Further, U.S. Pat. No. 5,187,025 discloses a unitized cell assembly in which the edge of the MEA is extended with a laminated plastic structure to give it strength and rigidity for sealing and support. Therein, the electrolyte membrane is surrounded with a plastic spacer having a thickness closely matched to that of the membrane. A thin, plastic film is bonded with an adhesive layer to both sides of the membrane and spacer so that the film and adhesive bridge the gap therebetween. Porous electrodes with plastic frames are bonded to the composite membrane. The use of this type of structure permits the construction of a rigid cell frame, which can be made the same thickness as the membrane electrode package.

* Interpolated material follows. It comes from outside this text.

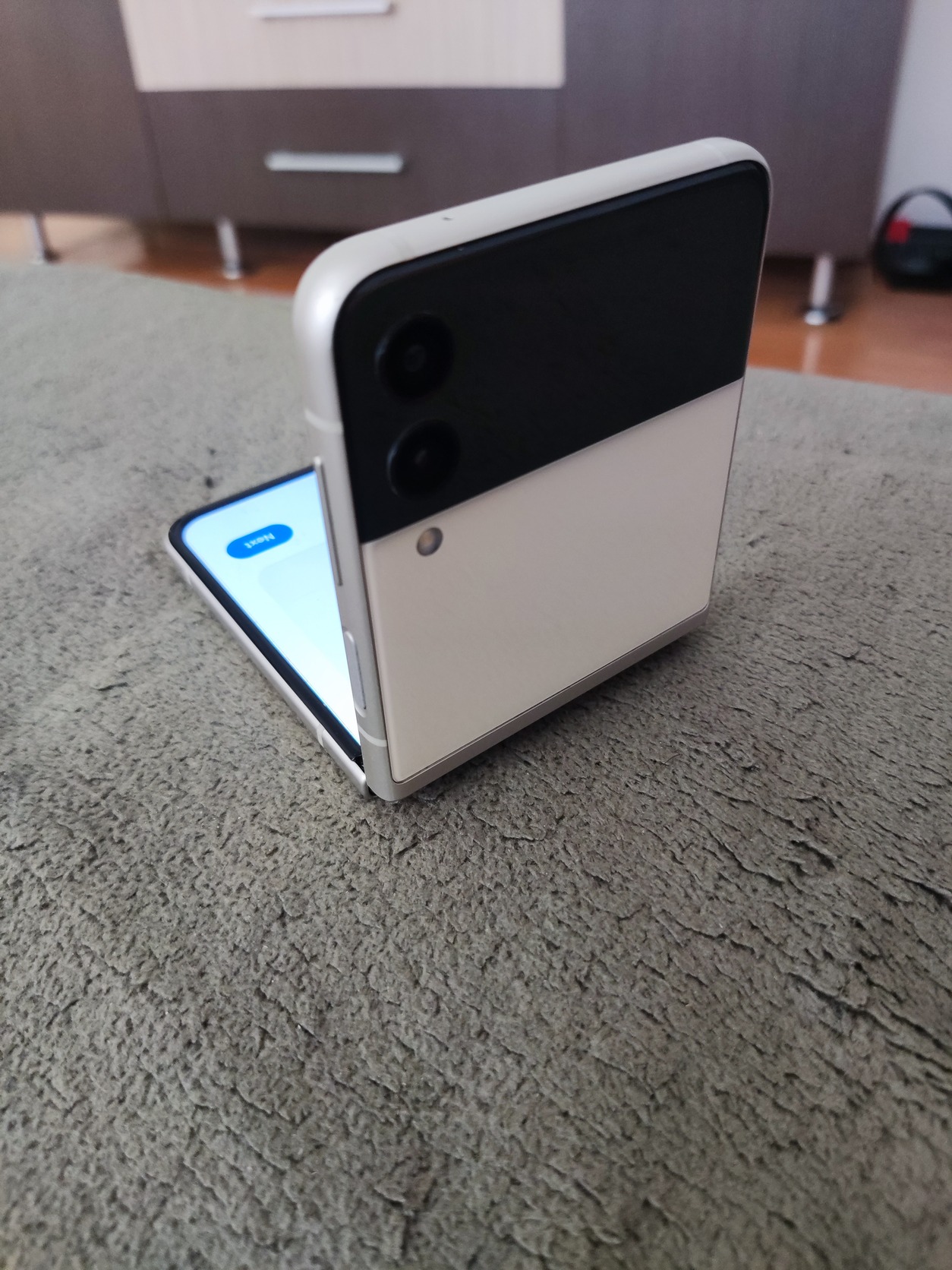 Eladó használt, kártyafüggetlen Samsung Galaxy Z Flip 3 5G. Hibátlanul működik. Gyári fólia található rajta. 2 oldalt a hajlatnál a fólia felpúposodott, azonban ez bekapcsolt állapotban nem látszódik. A telefon sérülés és karc mentes. A képen látható állapotban eladó.
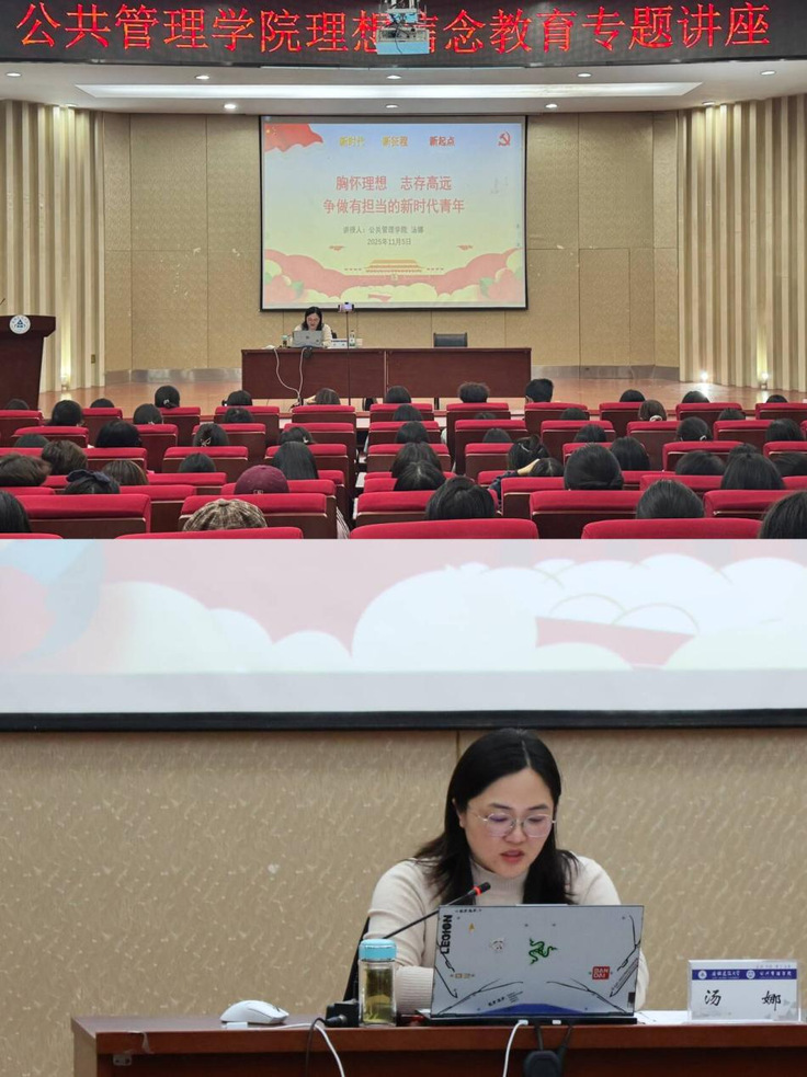 本网讯 为深入贯彻落实立德树人的根本任务,引导2025级学生坚定理想信念,锚定正确人生方向,11月5日下午,公管学院在图书馆二楼报告厅和分会场C405教室举办2025级新生理想信念教育专题讲座,410名2025级新生参加了本次讲座,学院党委副书记(主持工作)汤娜担任主讲。

In an effort to further improve fuel cell performance and to reduce the thickness and cost of fuel cell assemblies, there is a trend to use thinner components and especially thinner flow field plates. A particularly thin design for flow field plates employs corrugated flow fields which are characterized by features on one side that are complementary with features on the other side. Corrugated structures are readily formed out of thin metallic sheets by stamping or rolling methods. However, it is not so easy to use such methods to form features on opposing sides of such sheets if the intended features are not substantially complementary. (Instead, engraving techniques may be employed on thicker starting sheet material.) Yet, some desirable corrugated flow field designs involve complex flow distribution and mechanical support features at the fluid inlet and outlet ports on one or both sides of the plate which, in some cases, cross over similarly complex features on the opposite side of the plate. Further, some designs may involve features that interconnect channels within the flow field itself (for example, which interconnect parallel flow channels at their ends so as to form serpentine channels). It might not be possible to form such features on both sides of a plate in a complementary fashion, thereby complicating the fabrication of plates with corrugated flow fields. For this and other reasons, it would be advantageous to be able to design and fabricate the components that distribute fluids to and from the flow fields more independently of the components that comprise the flow fields themselves.